Try it: Begin your copy at the line with "Chiều cùng ngày, Đoàn" in the records below and end it at the line with "단오는 음력 5월 5일로", restating each line word for word; omit the pictures.

Given data:
________

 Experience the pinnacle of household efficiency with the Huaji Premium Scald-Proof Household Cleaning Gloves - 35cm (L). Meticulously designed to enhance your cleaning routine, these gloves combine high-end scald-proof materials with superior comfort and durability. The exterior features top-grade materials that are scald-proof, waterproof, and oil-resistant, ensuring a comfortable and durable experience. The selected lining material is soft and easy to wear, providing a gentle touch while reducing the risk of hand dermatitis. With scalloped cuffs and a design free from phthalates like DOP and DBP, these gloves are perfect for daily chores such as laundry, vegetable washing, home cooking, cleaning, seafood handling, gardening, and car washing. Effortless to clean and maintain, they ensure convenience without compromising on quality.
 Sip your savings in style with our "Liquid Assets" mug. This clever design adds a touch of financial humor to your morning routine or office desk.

________

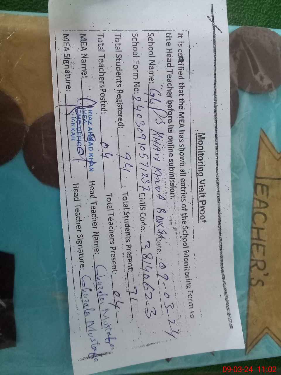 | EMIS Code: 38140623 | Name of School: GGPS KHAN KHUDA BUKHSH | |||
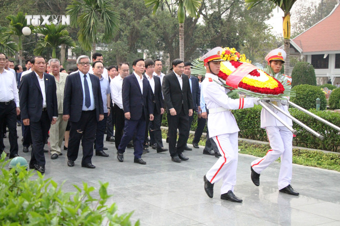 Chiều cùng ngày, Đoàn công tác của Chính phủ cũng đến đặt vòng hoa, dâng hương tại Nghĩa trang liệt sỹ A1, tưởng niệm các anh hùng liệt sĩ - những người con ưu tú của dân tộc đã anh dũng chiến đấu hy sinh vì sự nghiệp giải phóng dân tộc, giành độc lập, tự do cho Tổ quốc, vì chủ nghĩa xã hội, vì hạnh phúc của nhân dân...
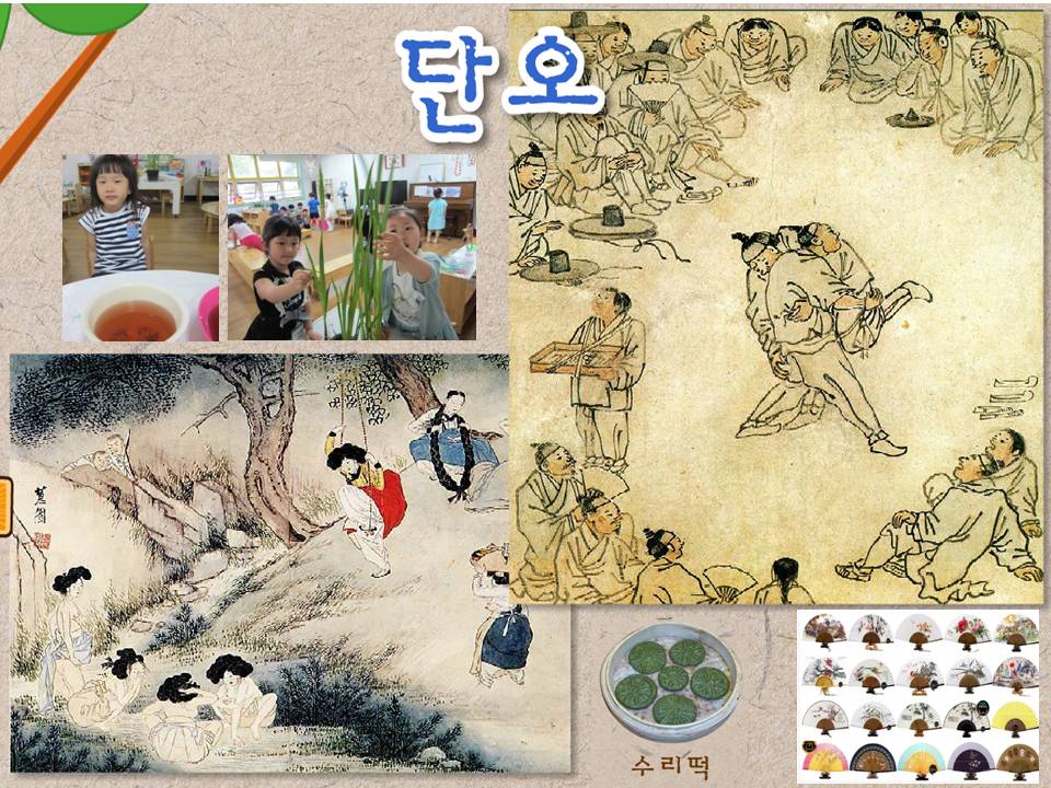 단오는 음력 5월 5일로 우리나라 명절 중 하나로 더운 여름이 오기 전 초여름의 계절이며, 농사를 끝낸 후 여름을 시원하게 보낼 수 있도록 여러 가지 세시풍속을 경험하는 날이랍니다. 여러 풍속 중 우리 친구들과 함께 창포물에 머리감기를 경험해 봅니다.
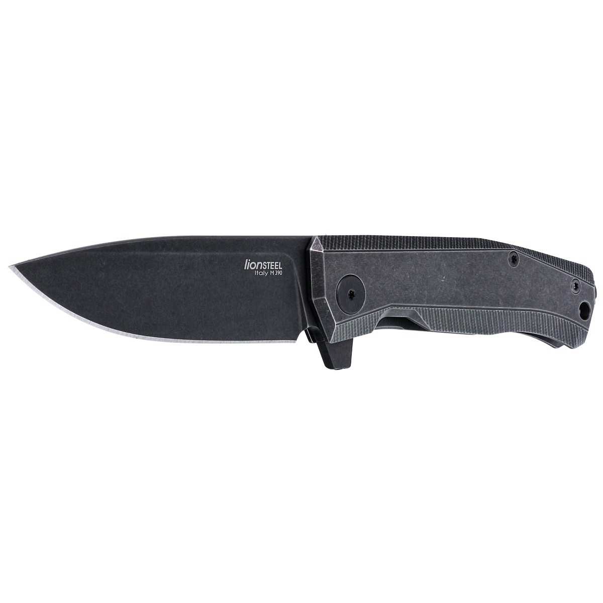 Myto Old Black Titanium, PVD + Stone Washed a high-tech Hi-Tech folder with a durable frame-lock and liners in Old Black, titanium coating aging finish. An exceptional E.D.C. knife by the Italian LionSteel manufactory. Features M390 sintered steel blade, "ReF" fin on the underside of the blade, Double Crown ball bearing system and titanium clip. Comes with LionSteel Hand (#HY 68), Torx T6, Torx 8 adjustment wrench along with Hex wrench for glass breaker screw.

________

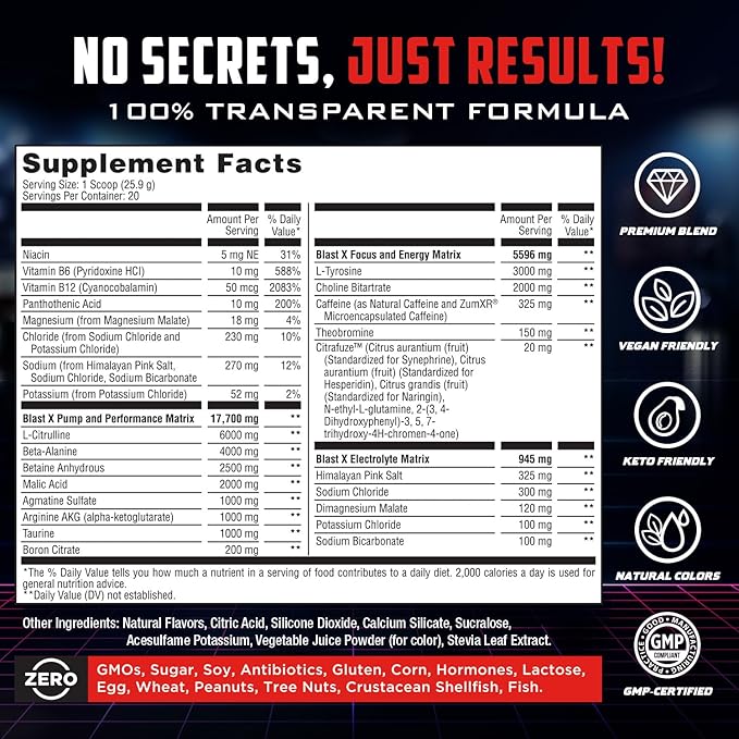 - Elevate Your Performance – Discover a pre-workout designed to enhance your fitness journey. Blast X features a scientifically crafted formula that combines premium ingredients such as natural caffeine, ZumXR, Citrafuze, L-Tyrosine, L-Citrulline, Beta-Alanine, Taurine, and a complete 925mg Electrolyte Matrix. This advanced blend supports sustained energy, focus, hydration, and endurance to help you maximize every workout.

________

Result of this exercise:
 Chiều cùng ngày, Đoàn công tác của Chính phủ cũng đến đặt vòng hoa, dâng hương tại Nghĩa trang liệt sỹ A1, tưởng niệm các anh hùng liệt sĩ - những người con ưu tú của dân tộc đã anh dũng chiến đấu hy sinh vì sự nghiệp giải phóng dân tộc, giành độc lập, tự do cho Tổ quốc, vì chủ nghĩa xã hội, vì hạnh phúc của nhân dân...
 단오는 음력 5월 5일로 우리나라 명절 중 하나로 더운 여름이 오기 전 초여름의 계절이며, 농사를 끝낸 후 여름을 시원하게 보낼 수 있도록 여러 가지 세시풍속을 경험하는 날이랍니다. 여러 풍속 중 우리 친구들과 함께 창포물에 머리감기를 경험해 봅니다.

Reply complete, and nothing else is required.